***** Information provided *****
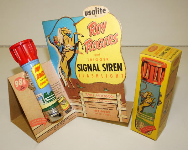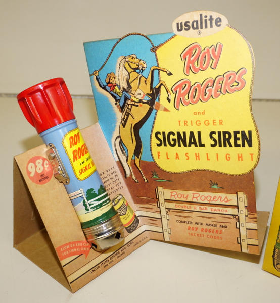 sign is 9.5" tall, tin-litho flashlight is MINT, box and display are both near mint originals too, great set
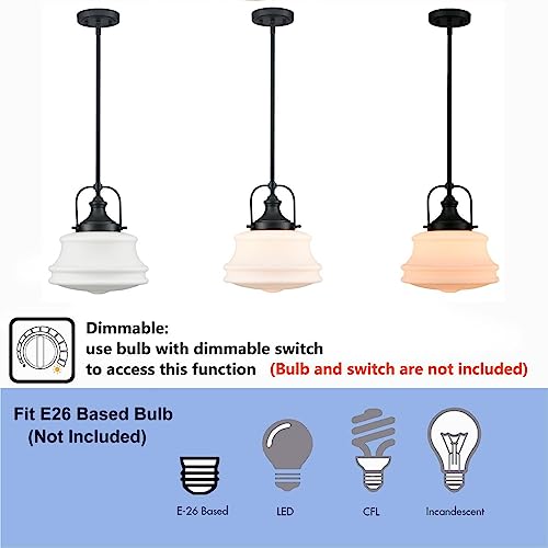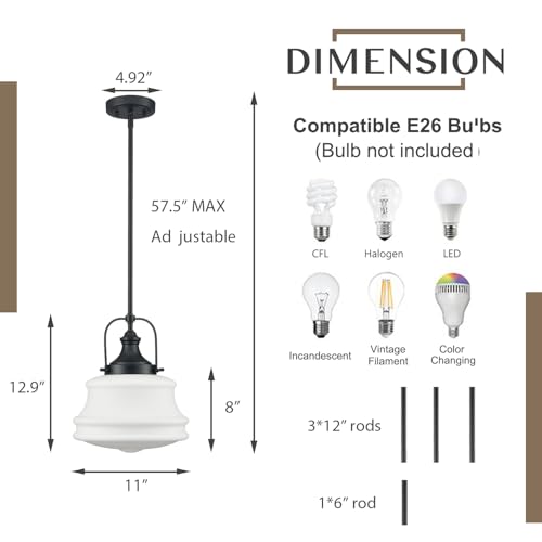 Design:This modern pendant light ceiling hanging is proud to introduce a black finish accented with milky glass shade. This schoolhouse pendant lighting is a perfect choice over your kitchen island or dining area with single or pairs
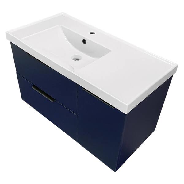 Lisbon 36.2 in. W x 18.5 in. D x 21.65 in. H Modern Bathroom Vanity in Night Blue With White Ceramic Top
*****
***** Information provided *****
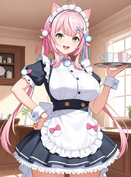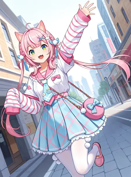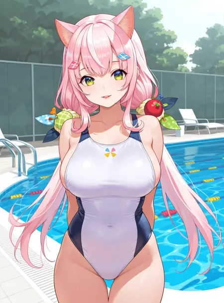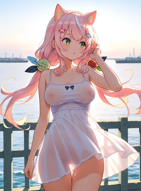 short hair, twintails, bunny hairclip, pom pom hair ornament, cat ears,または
*****
Action item -
From the data above, return exactly the lines from the one with "too, great set" up to and including the one with "Lisbon 36.2 in.". Pictures do not go in the copy.

Your response -
 sign is 9.5" tall, tin-litho flashlight is MINT, box and display are both near mint originals too, great set
 Design:This modern pendant light ceiling hanging is proud to introduce a black finish accented with milky glass shade. This schoolhouse pendant lighting is a perfect choice over your kitchen island or dining area with single or pairs
 Lisbon 36.2 in. W x 18.5 in. D x 21.65 in. H Modern Bathroom Vanity in Night Blue With White Ceramic Top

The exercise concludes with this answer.